034 — QC + window audit (visualization)#
Visual audit of QC flags + calibration window selection results across the full dataset. Used for periodic sanity checks before XPalm calibration runs.
Runs on the bundled synthetic sample.
import pandas as pd
import matplotlib.pyplot as plt
from palmwtc.config import DataPaths
from palmwtc.viz import set_style
set_style()
paths = DataPaths.resolve()
print(paths.describe())
DataPaths (source=sample (bundled synthetic), site=libz):
raw_dir = /home/runner/work/palmwtc/palmwtc/src/palmwtc/data/sample/synthetic
processed_dir = /home/runner/work/palmwtc/palmwtc/src/palmwtc/data/sample/Data/Integrated_QC_Data
exports_dir = /home/runner/work/palmwtc/palmwtc/src/palmwtc/data/sample/exports
config_dir = /home/runner/work/palmwtc/palmwtc/src/palmwtc/data/sample/config
extras = <none>
# Read QC flag summary from the synthetic parquet.

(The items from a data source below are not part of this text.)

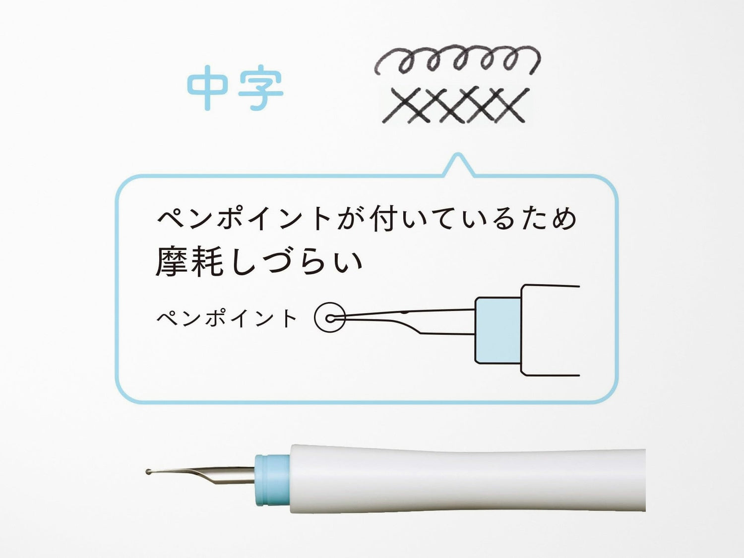The pen comes with a gray barrel, a medium steel nib, and a light blue accent. With its stainless steel nib and durable resin barrel, this pen is a must-have for any fountain pen enthusiast. Made in Japan.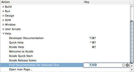 The following steps describe how to create a custom set of key bindings, based on the Xcode Default set, and how to add a keyboard shortcut. In this example, the keyboard shortcut performs a full-text documentation search.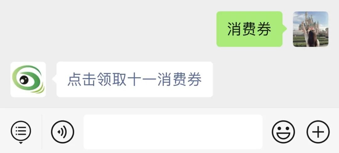 2、在公众号消息菜单栏选择“消费券”,或输入关键词“消费券”,弹出链接后,点击抽奖即可。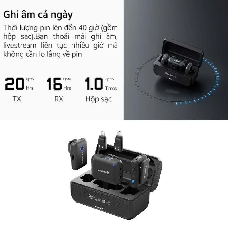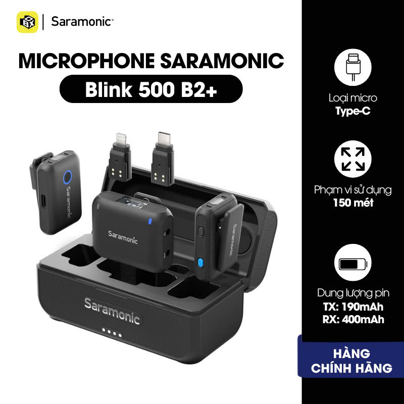 Microphone Saramonic Blink 500 B2 Plus có tần số 2.4 GHz, phạm vi hoạt động lên tới 150m, tích hợp pin 1250mAh sử dụng lâu dài, bền bỉ và hỗ trợ sử dụng đầu sạc USB Type-C. Ngoài ra, sản phẩm nhỏ gọn thích hợp sử dụng cho nhiều nhu cầu sử dụng khác nhau từ phát trực tiếp, vlogging,…
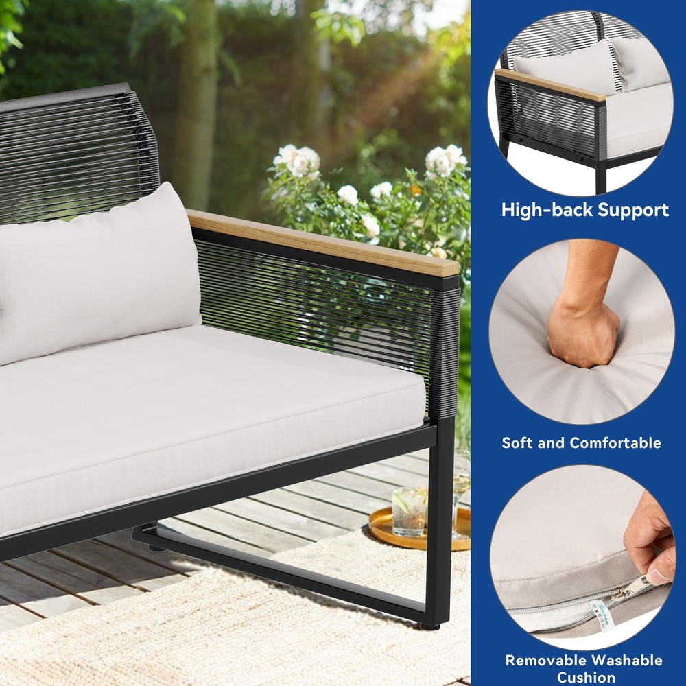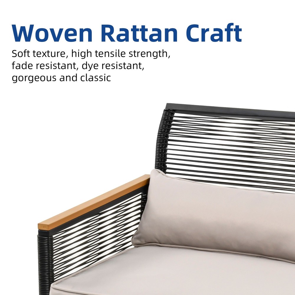 Place this sofa in your yard for family. Made of rattan and a strong steel frame, our rattan patio sofa is durable enough to withstand rain, wind, and outdoor heat for long-term use. Durable, weather-resistant seats and cushions provide optimum comfort when you're resting with your family or loved ones.Features: Includes 1 double sofa Powder-coated steel frames for durability Contemporary chair design with drawstring weave Cushioned seats for added comfort Cushion cover is removable for easy maintenanceDimensions: Double sofa:45.3"L x 28"W x 23.6"H Free Shipping Over $49.99* Details 45.3"Patio Wicker Double Sofa with Cushions - 45.3"L x 28"W x 23.6"H Product Description: Place this sofa in your yard for family. Made of rattan and a strong steel frame, our rattan patio sofa is durable enough to withstand rain, wind, and outdoor heat for long-term use. Durable, weather-resistant seats and cushions provide optimum comfort when you're resting with your family or loved ones. Features: Includes 1 double sofa Powder-coated steel frames for durability Contemporary chair design with drawstring weave Cushioned seats for added comfort Cushion cover is removable for easy maintenance Dimensions: Double sofa:45.3"L x 28"W x 23.6"H

qc_path = paths.raw_dir / "QC_Flagged_Data_synthetic.parquet"
df = pd.read_parquet(qc_path, columns=["TIMESTAMP", "CO2_C1_qc_flag", "CO2_C2_qc_flag", "H2O_C1_qc_flag", "H2O_C2_qc_flag"])
counts = df[["CO2_C1_qc_flag", "CO2_C2_qc_flag", "H2O_C1_qc_flag", "H2O_C2_qc_flag"]].sum()
print("QC flag totals (1 = fail):")
print(counts.to_string())
QC flag totals (1 = fail):
CO2_C1_qc_flag 94
CO2_C2_qc_flag 0
H2O_C1_qc_flag 1
H2O_C2_qc_flag 2
fig, ax = plt.subplots(figsize=(8, 3))
counts.plot(kind="barh", ax=ax, color="#a23b72")
ax.set_xlabel("Flagged rows")
ax.set_title("QC flag counts per variable (synthetic sample, 1 week)")
plt.tight_layout()
plt.show()
Real LIBZ data typically shows < 5% flagged rows per variable. Sudden
spikes in any column point at a specific instrument event — chase via
docs/measurement_log/<sensor>.md to attribute.